Noah Hicks’ set at Tortuga Music Festival 2025 played like the festival equivalent of a cold drink in the sun: easy to like, deceptively refreshing, and gone way too fast. In the early-day churn—people arriving, orienting, negotiating meeting spots—Hicks managed to do the hardest thing at Tortuga: make a moving crowd stop moving.
His sound sits in that sweet spot between modern country polish and barroom grit. Live, the vocals came through steady and warm, with enough edge to keep the songs from feeling overly glossy. The band kept everything crisp and driving—tight drums, clean guitars, and choruses that opened wide enough for the shoreline to sing back. Even with wind and surf trying to blur the mix, the performance translated well: punchy, clear, and built for outdoor momentum.

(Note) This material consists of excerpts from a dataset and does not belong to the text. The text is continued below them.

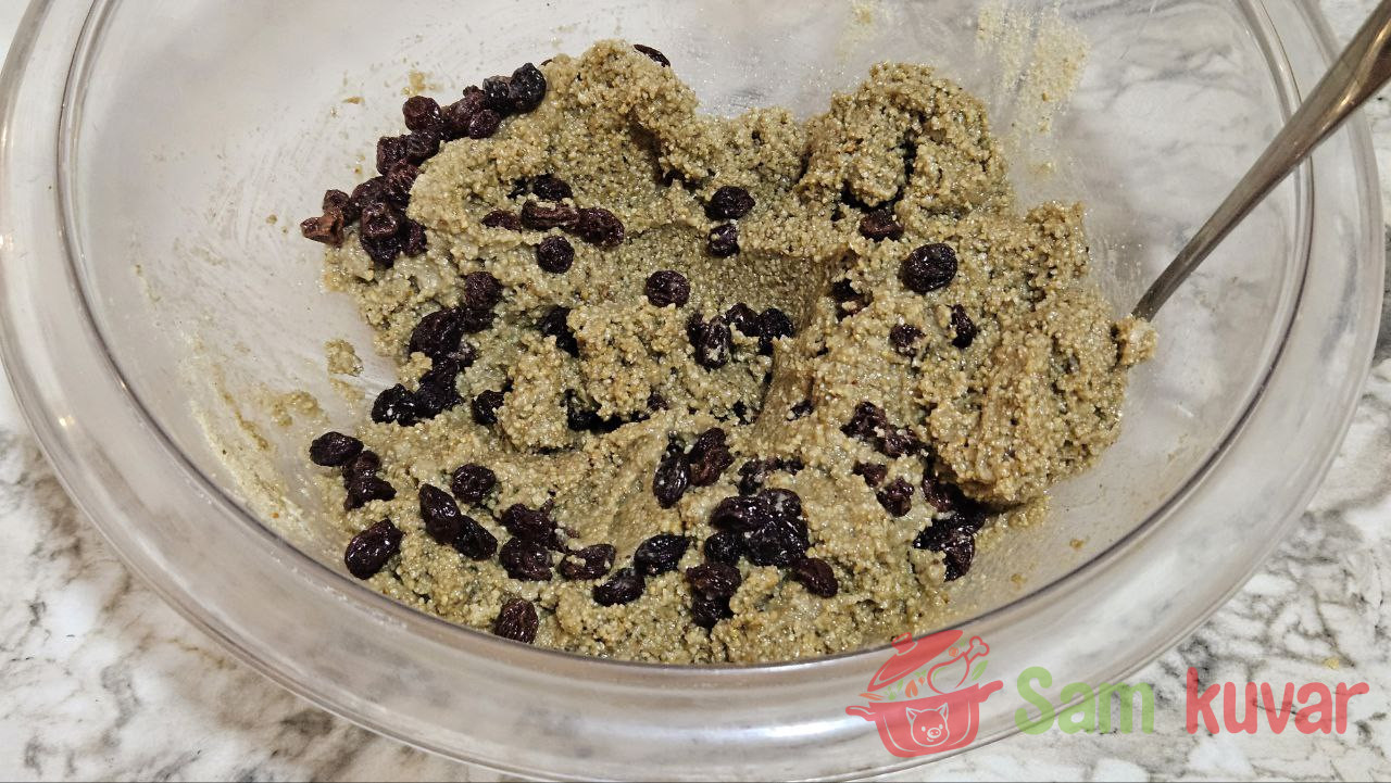- Ocedite vodu iz raisina i dodajte ih u halvu. Dobro promešajte.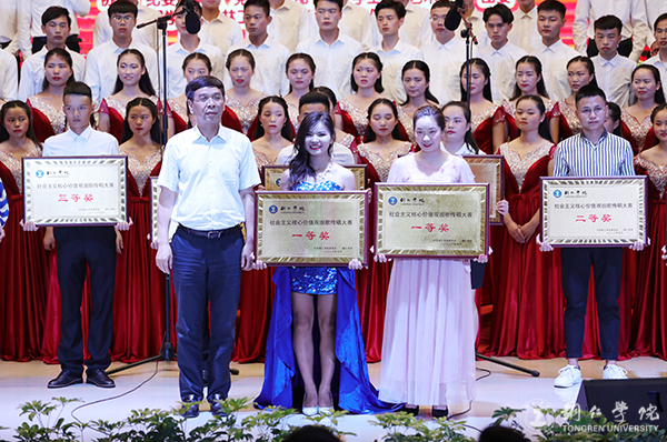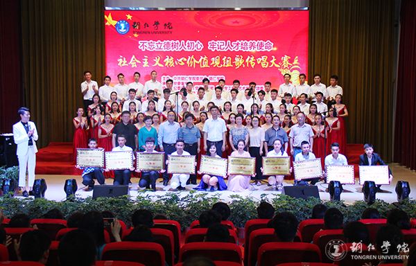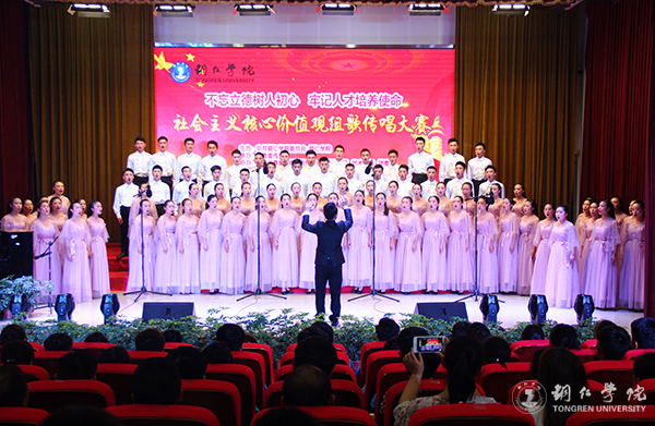 为深入学习宣传贯彻落实习近平新时代中国特色社会主义思想和党的十九大精神,努力营造健康向上的校园文化氛围,引导青年学生践行社会主义核心价值观,5月20日晚,世界杯官网在梵净山人文生态馆举办了社会主义核心价值观组歌传唱大赛。学校党委书记李树新、党委副书记饶小华、副校长罗红芳、各二级学院领导、各部门负责人以及学校师生300余人到场观看比赛。来自10个学院的代表队参加比赛。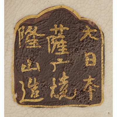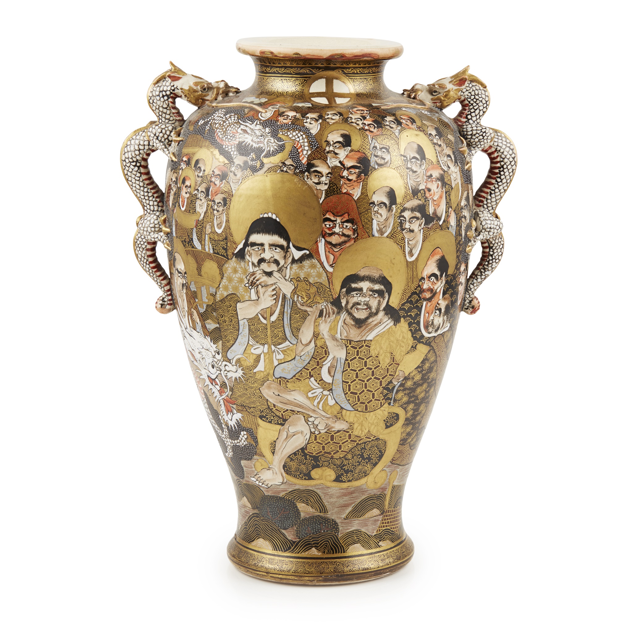of baluster shape, slight everted rim, the body with well modelled climbing dragons, the vase decorated with 100 figures, the base with a six-character mark of Ryuzan on a brown panel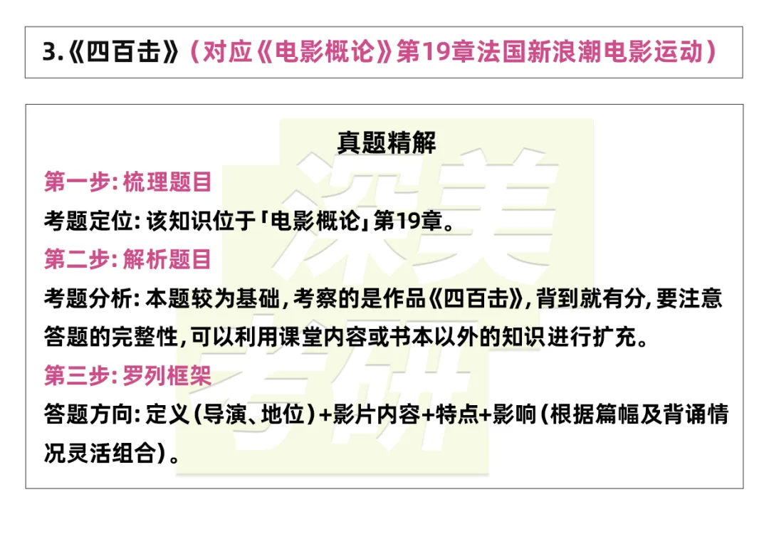 《四百下》是法国导演弗朗索瓦·特吕弗于1959年执导的长片处女作,被公认为法国新浪潮电影运动的开山之作与宣言性作品。(定义)影片以半自传的方式,讲述13岁少年安托万·杜瓦内尔在学校、家庭与街头之间游荡,最终因偷窃被送入少管所并成功逃脱的故事,通过一个边缘少年的视角,深刻揭示了教育体制的僵化、成人世界的冷漠与个体自由的渴望。(影片内容)作为新浪潮美学的典范,《四百下》彻底打破了传统电影的叙事与拍摄规则。影片大量采用实景拍摄,运用自然光线与手持摄影,以充满即兴感的镜头语言捕捉生活的真实质感;其标志性的跟随长镜头将角色的情感与物理空间融为一体,创造出前所未有的心理沉浸感;叙事结构松散而富有诗意,摒弃了戏剧化的矛盾编排,代之以日常片段的积累,最终以安托万面对镜头茫然无措的定格特写作为开放式结局,强化了存在的孤独与未决状态。(特点)《四百下》不仅是特吕弗个人“作者电影”的起点,也开启了影史罕见的“安托万系列”五部曲,追踪同一角色跨越二十年的成长。它以其真挚的情感、革新的形式与对社会规范的温和反叛,定义了新浪潮的精神内核——电影应当成为个人表达与生命体验的直接载体。(影响)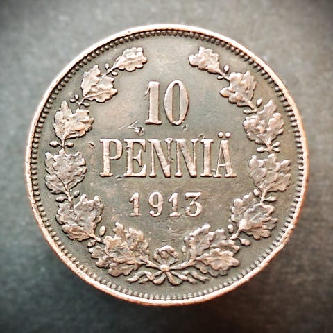 Antik gammel Ti Penni / Penniä fra Finland fra 1919. Denne type mønt blev produceret i perioden 1919-1940.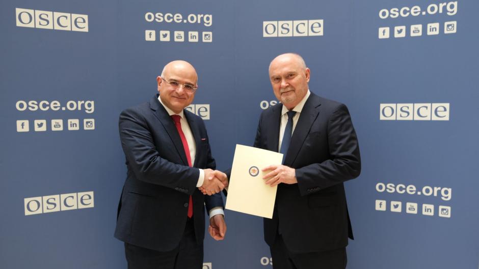 H.E. Alexander Maisuradze, Ambassador and Permanent Representative of Georgia to the OSCE, with the OSCE Secretary General Feridun H. Sinirlioğlu, Vienna, 7 March 2025.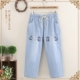 初中学生七分裤高中女生夏季牛仔裤宽松紧腰带薄款直筒少女裤夏装
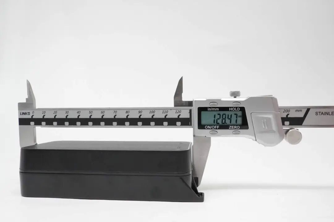 实测雅晶源科技 60W PoE 电源适配器长 128.47mm。
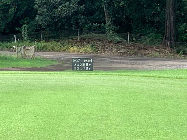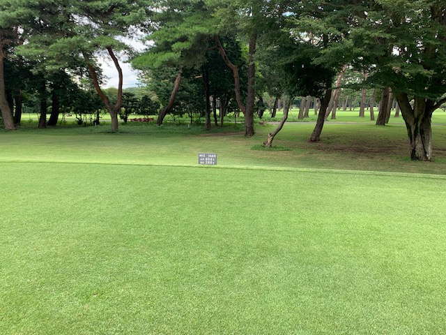 7番369yミドルは、ドライバーは左ラフへ。PWでのセカンドは木に当たるもゲイン。なんとか寄せてパー。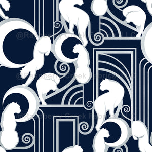 Art Deco inspired pattern with white panthers, moons and silver architectural and decorative lines.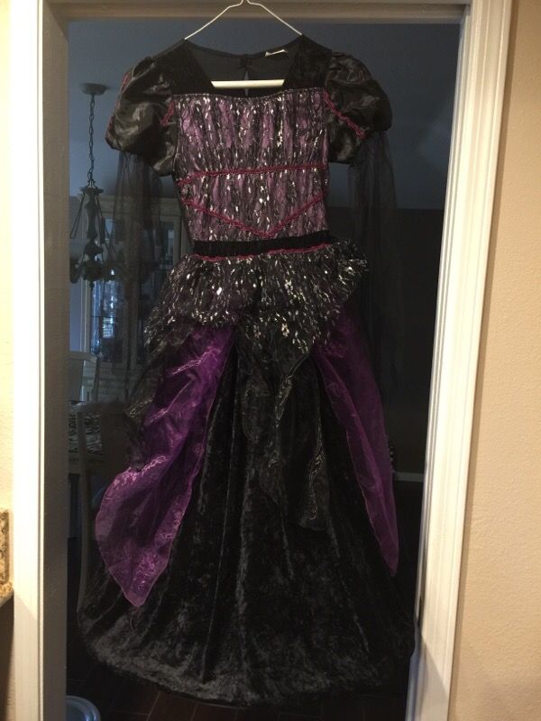 Midevil style princess gown/ or witch with built in hoop skirt. Good condition. Black with purple. Girls size large fits size 8-12. Cute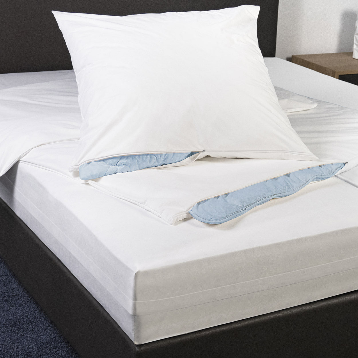 Die Bezüge fühlen sich von Anfang an weich und glatt an - ganz ohne vorheriges Waschen. Sie sind geräuschlos, atmungsaktiv und sorgen für ein ruhiges, natürliches Schlafklima. Matratze, Kissen und Bettdecke werden vollständig umhüllt und mit einem feinen, verdeckten Reißverschluss sicher verschlossen. Darüber kommt wie gewohnt Deine Bettwäsche - so bleibt Dein Schlafgefühl natürlich, nur eben hygienischer und allergenfrei.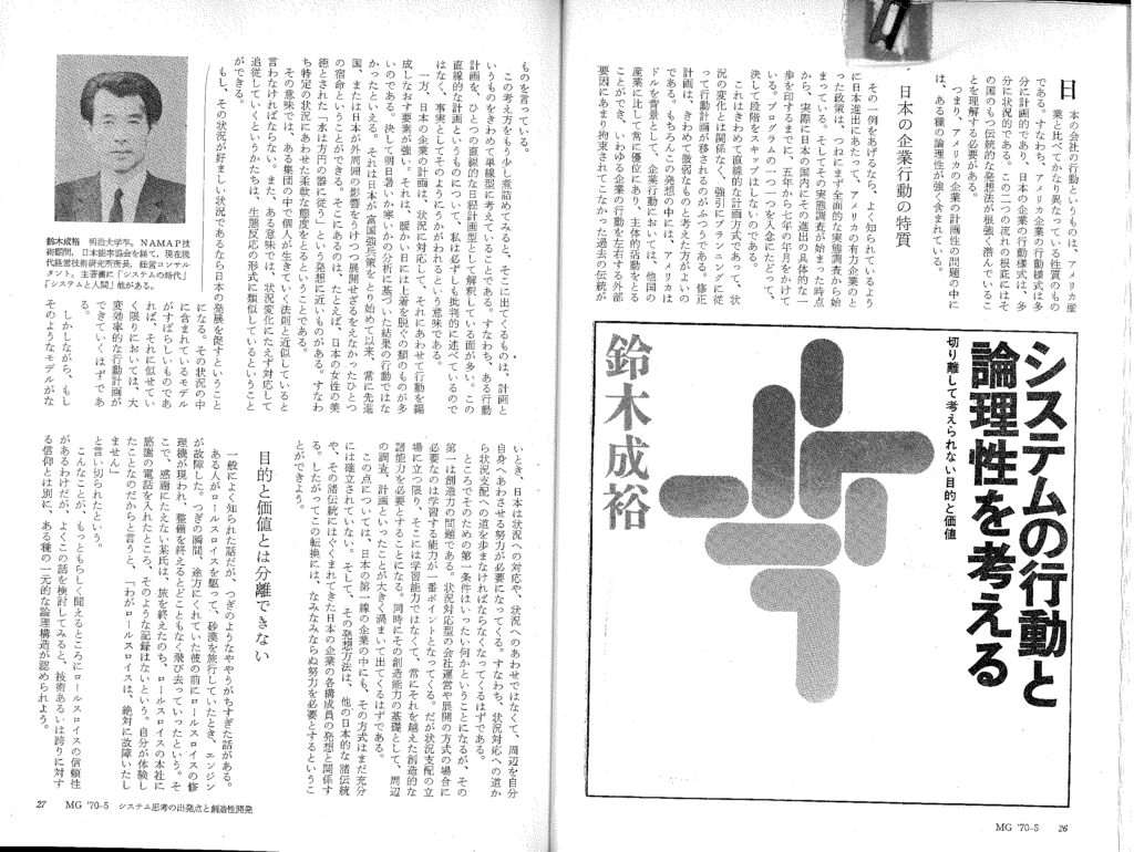 S.44・12 月 鈴木成裕著 「システムと人間」-70 年代の幹部行動学-((社) 日本能率協会)刊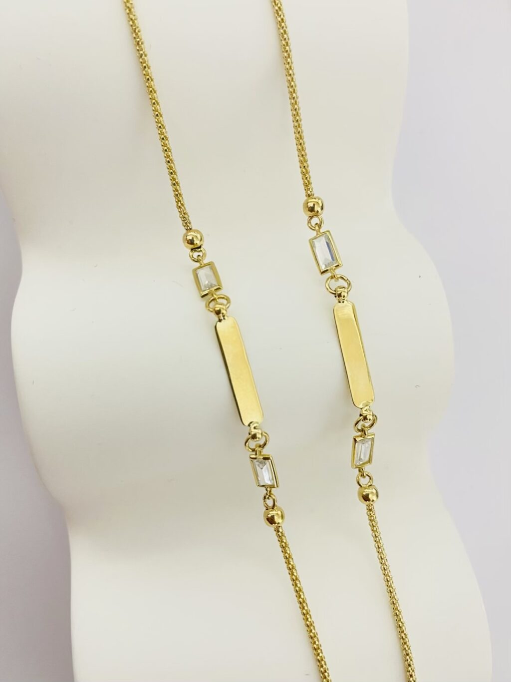 Wipe with a soft cloth after wear. Avoid harsh chemicals and ultrasonic cleaners if stones are present. Store separately to prevent surface scratches. An occasional gentle polish keeps the lustre bright.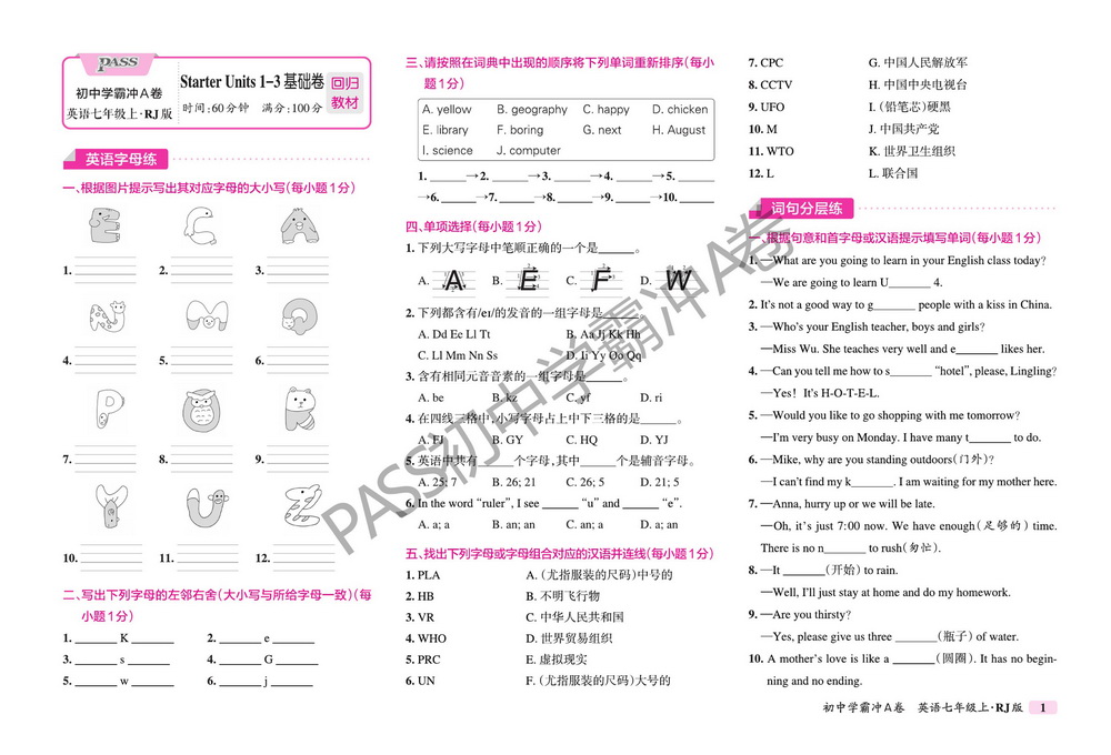 上一篇:新版教材人教版七年级上册英语Starter Units测试卷五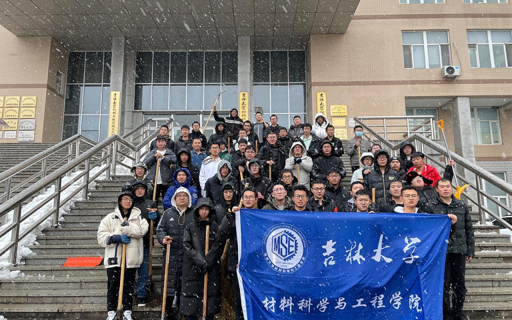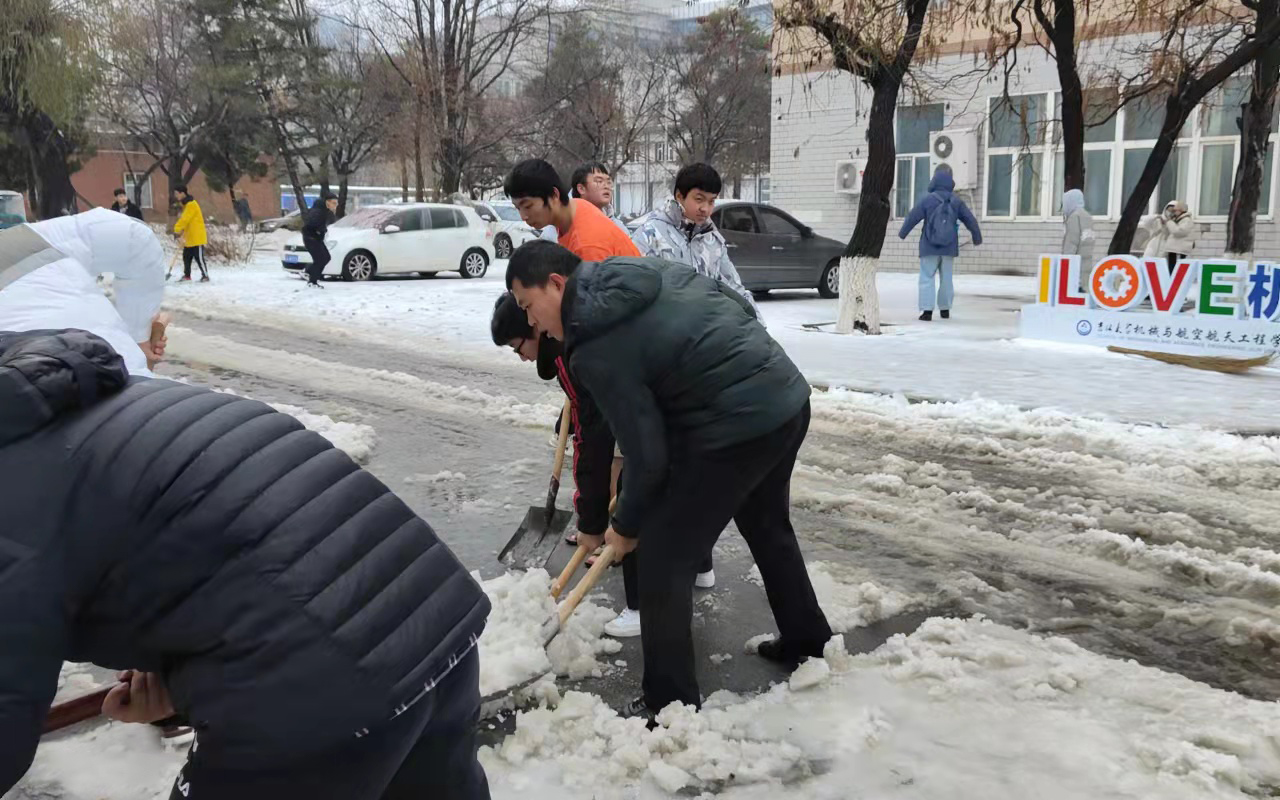 入党积极分子、2021级材料类专业本科生在本科生党支部书记、辅导员严冬老师的组织和带领下,于2021年11月8日对分担区内进行扫雪除冰工作。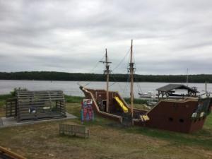 Across the campus from the museum is a restoration center where they had just begun work on the Mary E, believed to be the oldest Bath-built wooden schooner still afloat. It had come “home” for its restoration and a separate pavilion had been built just for it. There is also building dedicated to the history of lobstering, and a lobster car (we have seen one similar in the Orlando area). Near there is a playground for children that is very unique with its boat-themed fort and an oversized wooden lobster trap.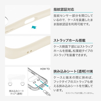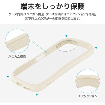 【60日間保証】【耐衝撃】 衝撃を吸収・分散するハニカム構造のTPUと、割れにくく軽量なPCのハイブリッドケース/側面全体がなめらかにラウンドした持ちやすいデザイン/ボタンや端子周りを保護する精密設計/ストラップホール搭載(側面)/写真やステッカーを使ったアレンジも楽しめる背面クリア仕様/ショルダーストラップの取り付けに最適な「挟み込みシート」付属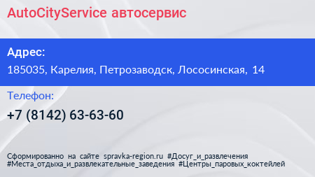AutoCityService, автосервис по адресу 185035, Карелия, Петрозаводск, Лососинская, 14 в дальнейшем Организация, размещена в следующих категориях:
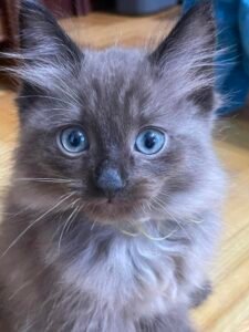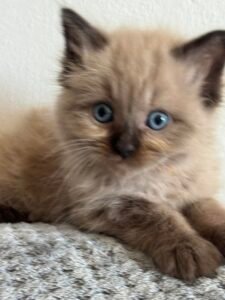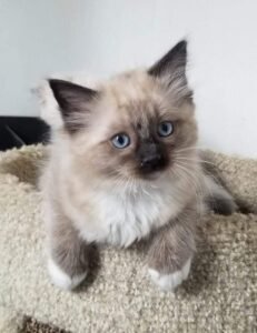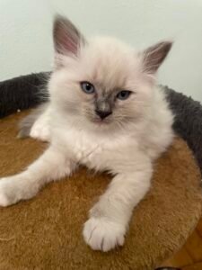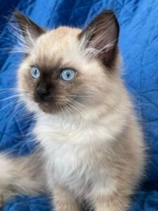 Koty rasy Ragdoll – umaszczenia colourpoint/point, mitted oraz bicolour. Posiadają oczy w kolorze niebieskim.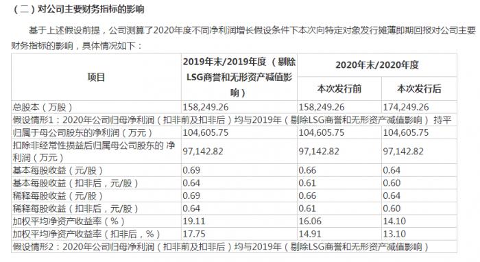 剔除该减值影响后,汤臣倍健2019年净利润为10.46亿元。以此为基数计算,此次定增前公司2020年每股收益为0.66元,定增发行后每股收益为0.64元,降幅不过0.02元。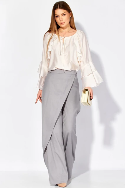 Брюки 024 серый LAIKONY — стильное дополнение к вашему гардеробу. Коллекция бренда LAIKONY предлагает модель из полиэстера, вискозы и спандекса, которая обеспечивает комфорт и стиль. Брюки имеют элегантный запах и прямой крой, что подчеркивает их универсальность. Пояс-кокетка с эластичной вставкой гарантирует отличную посадку и комфорт в течение дня. Потайная молния на боковом шве и петля-пуговица добавляют удобство. Серый оттенок и универсальный стиль делают их идеальными для офиса и вечерних выходов. Длина брюк по боковому шву составляет 111 см, что создает элегантный силуэт. Шлёвки на поясе позволяют легко добавить ремень для завершения образа.

What stood out most was his pacing and presence. Hicks didn’t overtalk or overhype; he let the songs do the selling. When he did speak, it was quick and genuine—just enough to make the crowd feel seen before launching back into the next hook. That balance matters at a festival, where too much chatter can drain energy and too little can make a set feel anonymous. Hicks threaded the needle.
By the end, you could feel the conversion happening: phones up, heads nodding, strangers singing fragments of choruses they’d only heard once. Tortuga is famous for big names, but it’s sets like this that build the “I discovered them here” stories people take home. Noah Hicks delivered one of those.